- VCD cover
- Directed by: Dinesh Baboo
- Written by: Dinesh Baboo
- Produced by: D Venkatesh Naidu; Rajeev K;
- Starring: Ramesh Aravind; Komal; Sharan; Asha Latha; Nandini Vittal;
- Music by: Suma Shastry
- Release date: 6 November 2009;
- Country: India
- Language: Kannada

= Mooru Guttu Ondu Sullu Ondu Nija =

Mooru Guttu Ondu Sullu Ondu Nija is a 2009 Indian Kannada-language comedy drama film written and directed by Dinesh Babu. The film stars Ramesh Aravind in the lead role. Komal, Asha Latha and Sharan appear in supporting roles.

==Plot==
The entire movie was shot in a single house. A family has four children with Komal, the eldest son, and three girls. The overall movie is a drama taking place in a house in one day. The parents are scheduled for a one-day trip to Tirupati. The children, knowing about it, the elder three children inform their lovers to come to their home.
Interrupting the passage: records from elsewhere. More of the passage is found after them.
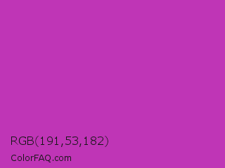 RGB 191,53,182 Color is a normal magenta color and the nearest color is Byzantine #bd33a4. Hex code #bf35b6 and RGB value is rgb(191,53,182). In RGB color space, this color is composed of 75% red, 21% green, 71% blue, In CMYK color space, this color is composed of 0% cyan, 72% magenta, 5% yellow , 25% black , In HSL color space, this color has a hue angle of 304° , 57% saturation and 48% lightness.
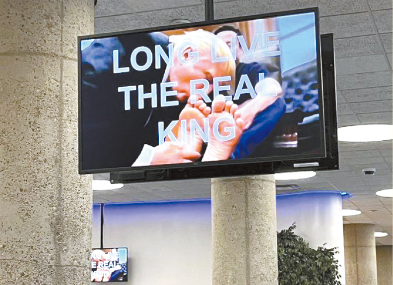 住房和城市發展部的員工餐廳電視,播出一段偽造的特朗普吻馬斯克臭腳視頻,特朗普吻馬斯克臭腳,鏡頭前寫著“真正的國王萬歲”的字樣。 視頻截圖
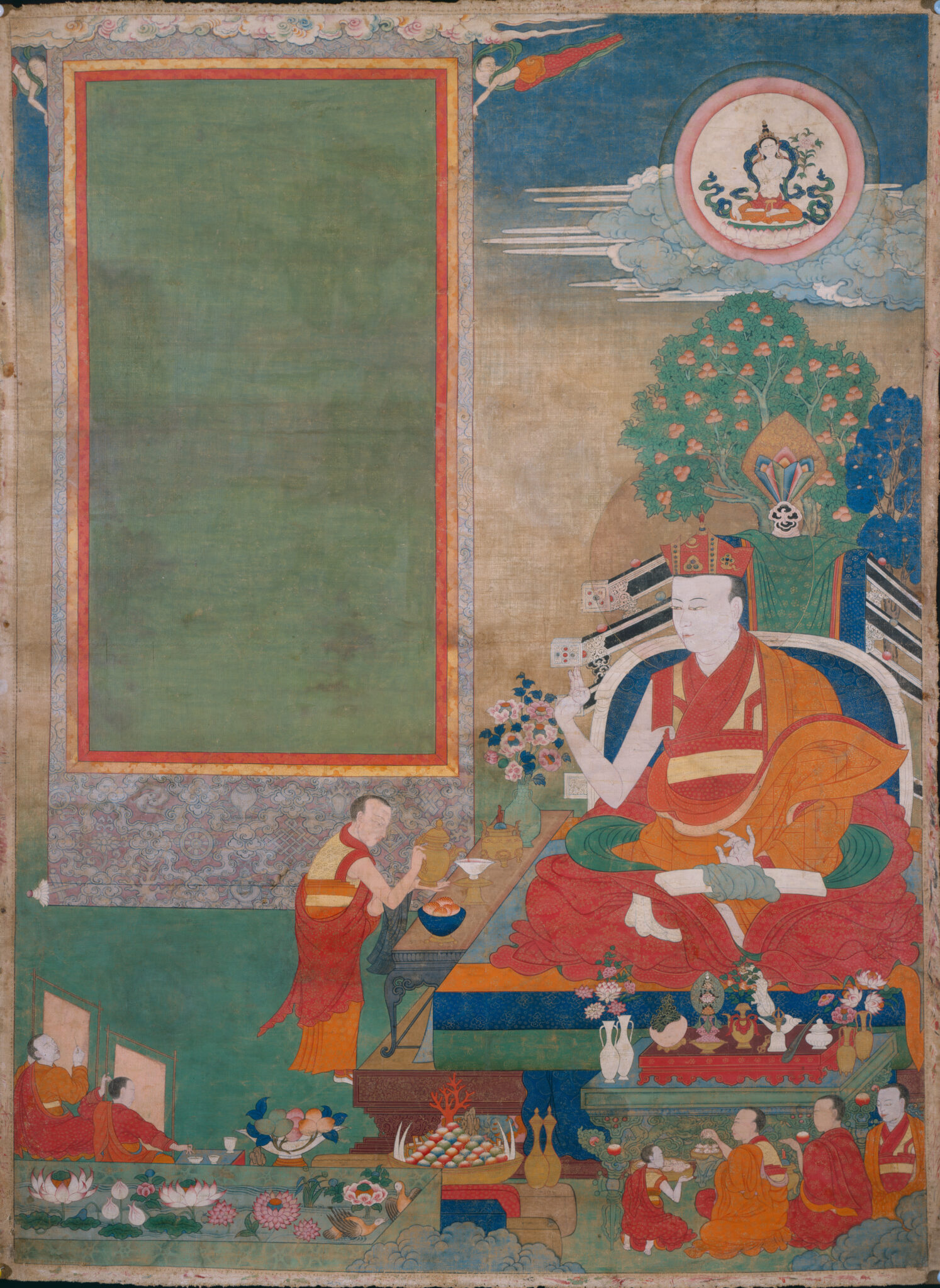 Situ could paint in at least two different styles—Menri and the Encampment style—and was a keen observer of early masterpieces and different styles of painting. He was strongly motivated to cultivate, patronize, and preserve what remained of the Encampment style, the painting tradition of his own now-endangered religious school. Three paintings attributed by inscription to Situ Panchen’s own hand have been brought together for the first time in this exhibition.
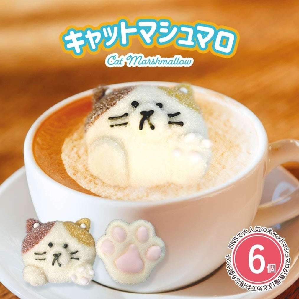 かわいい猫の顔と手がセットになったマシュマロ。
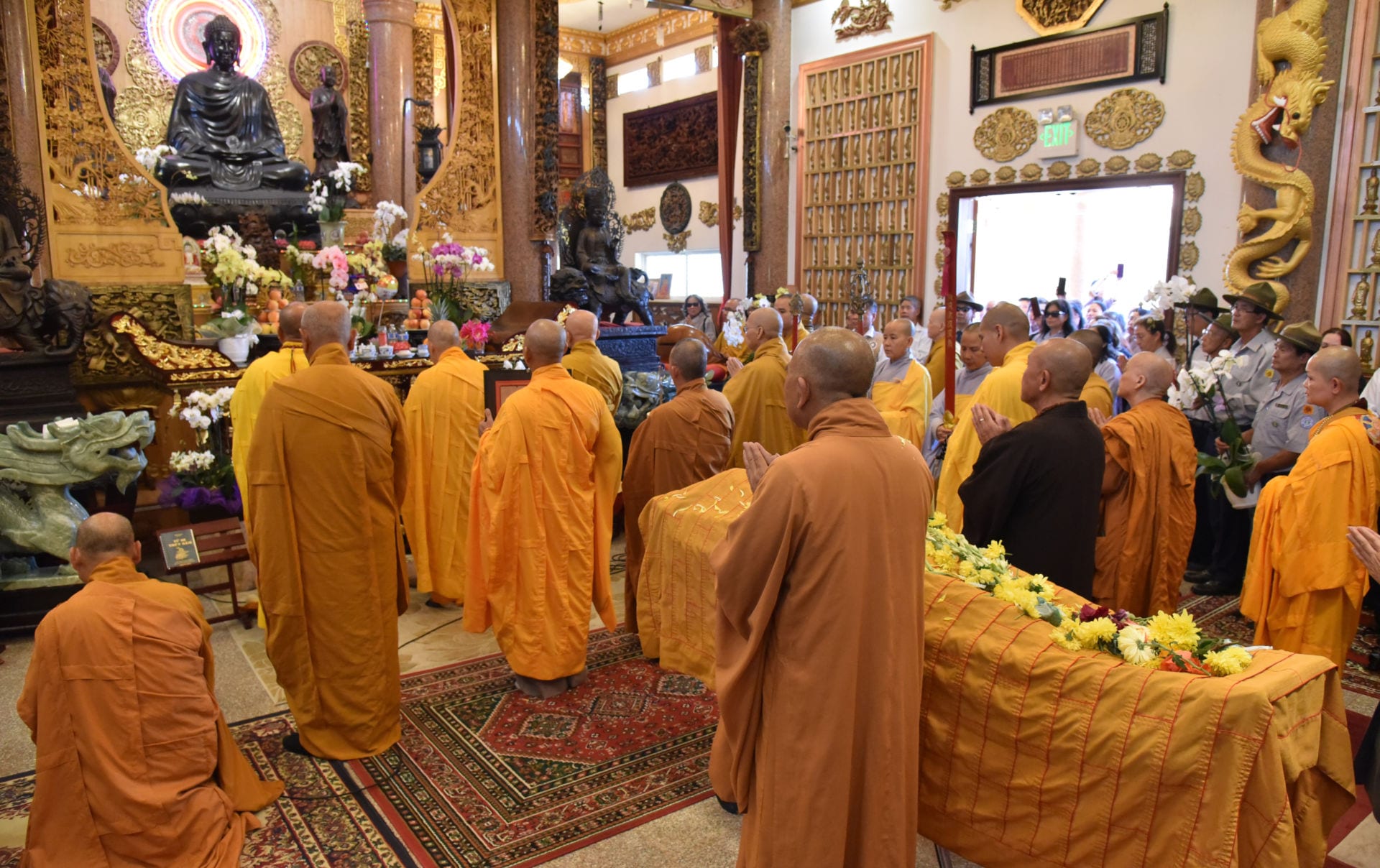 SANTA ANA, California (NV) – Sau khi viên tịch lúc 0 giờ 45 phút sáng sớm Chủ Nhật, 9 Tháng Sáu, vào lúc 11 giờ sáng cùng ngày, nhục thân của cố Hòa Thượng Thích Quảng Thanh được chuyển đến chánh điện chùa Bảo Quang, Santa Ana, trước khi đưa đến nhà quàn Peek Family ở Westminster, chờ an táng trong những ngày tới.

The comedy starts when their aunt comes to sleep in their home. The lovers are supposed to hide in their rooms to not be seen by other siblings and the aunt. After some time Appu arrives with some relational links and sleeps in their home. He visits each of the children's rooms and the children hide their lovers. The next day when the parents arrive, various truths are exposed to them with some hard feelings.

==Cast==

- Ramesh Aravind as Appu
- Komal as Siddaramu a.k.a. Siddu
- Nancy as Sonu
- Sharan
- Mandya Ramesh
- Asha Latha as a deaf aunty
- Srinivasa Murthy as an affluent person
- Sudha Belawadi

==Production==
The film was shot in about ten to twenty days.

== Reception ==
=== Critical response ===

R G Vijayasarathy of Rediff.com scored the film at 3 out of 5 stars and says "Ramesh and Asha Latha shout in most of the sequences and this could have been avoided. And slapping on the cheek is another irritating factor in the film and it is certainly not comedy. Still, Mooru Guttu Ondhu Sullu Ondhu Nija is an enjoyable healthy comedy and a film like this has to be encouraged". A critic from The New Indian Express wrote "The film has no gory stunt scenes. It has only one song Yeddelo Madesha. Music director Suma Shastri has provided good background music. It is a worthy watch for families". BSS from Deccan Herald wrote "story takes a sentimental turn, but kudos to all the principal characters for not losing their poise. Though Ramesh’s dialogues smack of urbane intelligence, the actor doesn’t make it obvious. Komal is simply howlarious while Ashalatha comes second. ‘3Guttu, ondu sullu...’ is one of those films that can be viewed comfortably".